(Supplied information Opens)
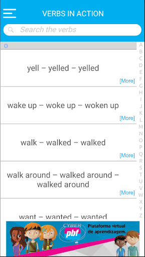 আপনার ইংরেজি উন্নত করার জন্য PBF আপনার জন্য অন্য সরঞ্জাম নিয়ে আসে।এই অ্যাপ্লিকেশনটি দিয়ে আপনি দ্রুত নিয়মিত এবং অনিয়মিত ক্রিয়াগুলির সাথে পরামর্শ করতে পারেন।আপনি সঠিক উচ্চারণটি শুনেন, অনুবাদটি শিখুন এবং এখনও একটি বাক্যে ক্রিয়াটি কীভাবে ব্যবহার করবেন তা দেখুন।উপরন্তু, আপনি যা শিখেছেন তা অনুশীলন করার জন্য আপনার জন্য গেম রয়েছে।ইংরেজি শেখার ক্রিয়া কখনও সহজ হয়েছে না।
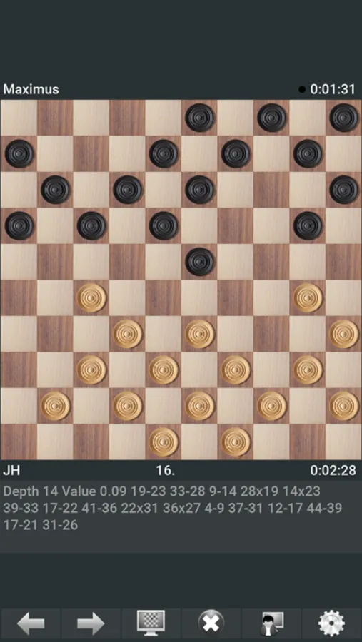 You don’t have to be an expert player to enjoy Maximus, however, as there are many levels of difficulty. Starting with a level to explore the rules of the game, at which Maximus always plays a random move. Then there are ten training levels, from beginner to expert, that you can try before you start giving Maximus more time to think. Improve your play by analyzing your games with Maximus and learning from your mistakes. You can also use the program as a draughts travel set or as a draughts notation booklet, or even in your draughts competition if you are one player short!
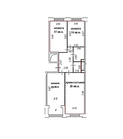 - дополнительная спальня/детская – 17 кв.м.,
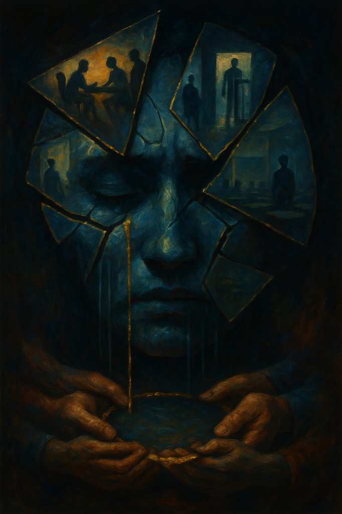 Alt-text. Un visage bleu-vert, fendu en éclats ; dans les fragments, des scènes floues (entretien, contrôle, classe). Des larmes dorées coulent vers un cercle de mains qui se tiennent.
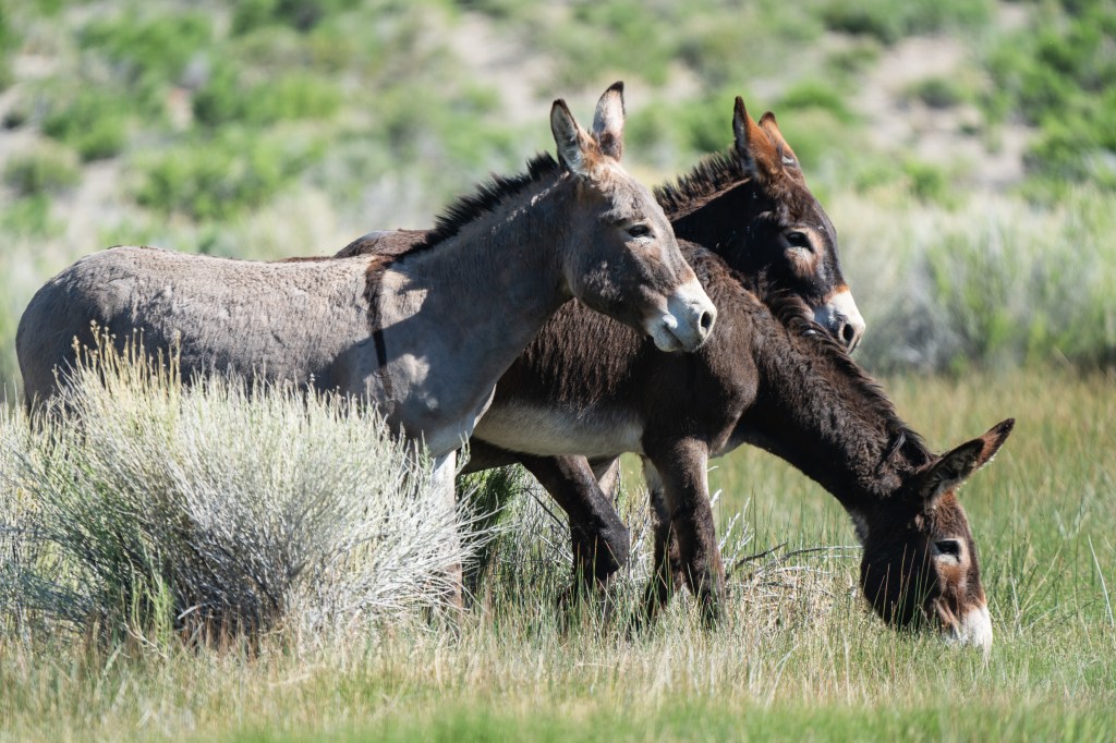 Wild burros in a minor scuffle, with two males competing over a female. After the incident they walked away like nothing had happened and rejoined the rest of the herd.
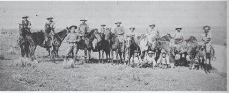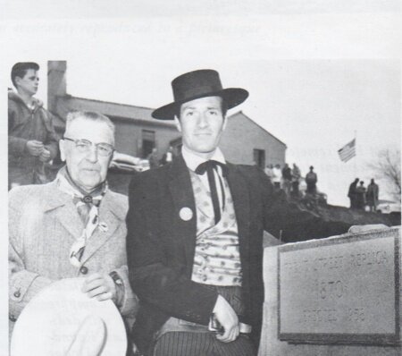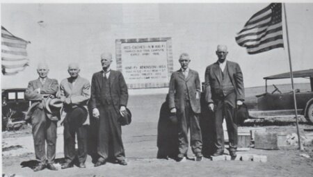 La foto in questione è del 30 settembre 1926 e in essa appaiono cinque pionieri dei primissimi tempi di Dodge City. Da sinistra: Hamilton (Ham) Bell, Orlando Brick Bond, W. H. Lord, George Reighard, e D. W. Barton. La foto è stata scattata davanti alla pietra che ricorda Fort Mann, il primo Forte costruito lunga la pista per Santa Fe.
(Supplied information Closes)
(Supplied information Opens)
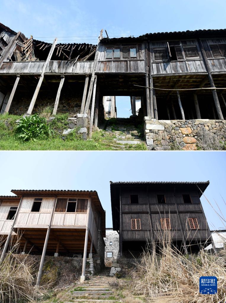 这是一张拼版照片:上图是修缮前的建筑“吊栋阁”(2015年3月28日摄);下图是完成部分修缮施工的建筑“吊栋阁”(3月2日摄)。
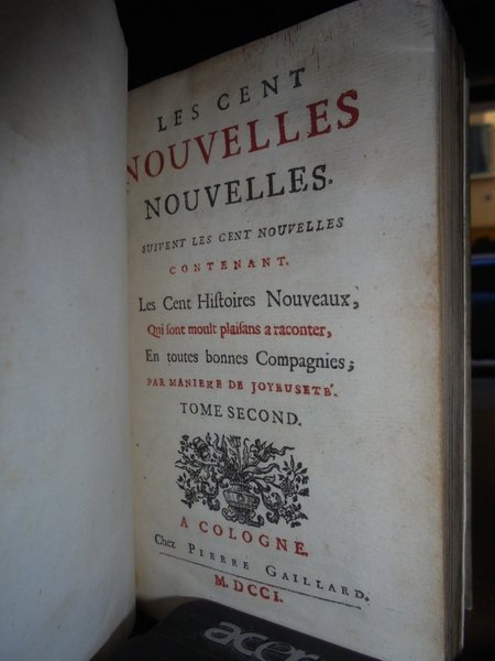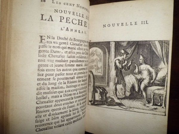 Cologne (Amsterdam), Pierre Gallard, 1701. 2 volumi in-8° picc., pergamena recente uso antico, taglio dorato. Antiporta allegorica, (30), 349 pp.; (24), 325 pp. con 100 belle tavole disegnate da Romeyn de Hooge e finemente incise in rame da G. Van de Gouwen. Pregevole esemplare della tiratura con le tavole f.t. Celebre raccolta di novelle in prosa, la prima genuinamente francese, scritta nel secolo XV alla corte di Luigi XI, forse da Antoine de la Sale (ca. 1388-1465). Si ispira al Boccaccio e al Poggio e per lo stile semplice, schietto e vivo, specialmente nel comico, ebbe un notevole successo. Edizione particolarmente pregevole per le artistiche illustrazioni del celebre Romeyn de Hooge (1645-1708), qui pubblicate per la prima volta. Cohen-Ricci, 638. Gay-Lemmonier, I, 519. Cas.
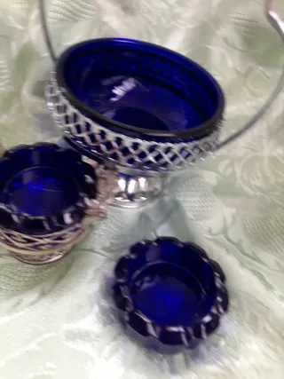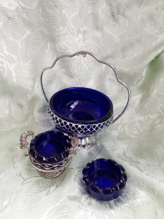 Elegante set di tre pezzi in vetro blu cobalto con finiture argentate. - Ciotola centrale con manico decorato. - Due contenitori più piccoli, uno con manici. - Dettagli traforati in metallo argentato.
(Supplied information Closes)
Exercise brief -
Return word for word the lines of the listing above, starting at the line with "আপনার ইংরেজি উন্নত" and ending at the line with "La foto in questione", both included. Pictures do not belong in the copy.

Result of this exercise -
 আপনার ইংরেজি উন্নত করার জন্য PBF আপনার জন্য অন্য সরঞ্জাম নিয়ে আসে।এই অ্যাপ্লিকেশনটি দিয়ে আপনি দ্রুত নিয়মিত এবং অনিয়মিত ক্রিয়াগুলির সাথে পরামর্শ করতে পারেন।আপনি সঠিক উচ্চারণটি শুনেন, অনুবাদটি শিখুন এবং এখনও একটি বাক্যে ক্রিয়াটি কীভাবে ব্যবহার করবেন তা দেখুন।উপরন্তু, আপনি যা শিখেছেন তা অনুশীলন করার জন্য আপনার জন্য গেম রয়েছে।ইংরেজি শেখার ক্রিয়া কখনও সহজ হয়েছে না।
 You don’t have to be an expert player to enjoy Maximus, however, as there are many levels of difficulty. Starting with a level to explore the rules of the game, at which Maximus always plays a random move. Then there are ten training levels, from beginner to expert, that you can try before you start giving Maximus more time to think. Improve your play by analyzing your games with Maximus and learning from your mistakes. You can also use the program as a draughts travel set or as a draughts notation booklet, or even in your draughts competition if you are one player short!
 - дополнительная спальня/детская – 17 кв.м.,
 Alt-text. Un visage bleu-vert, fendu en éclats ; dans les fragments, des scènes floues (entretien, contrôle, classe). Des larmes dorées coulent vers un cercle de mains qui se tiennent.
 Wild burros in a minor scuffle, with two males competing over a female. After the incident they walked away like nothing had happened and rejoined the rest of the herd.
 La foto in questione è del 30 settembre 1926 e in essa appaiono cinque pionieri dei primissimi tempi di Dodge City. Da sinistra: Hamilton (Ham) Bell, Orlando Brick Bond, W. H. Lord, George Reighard, e D. W. Barton. La foto è stata scattata davanti alla pietra che ricorda Fort Mann, il primo Forte costruito lunga la pista per Santa Fe.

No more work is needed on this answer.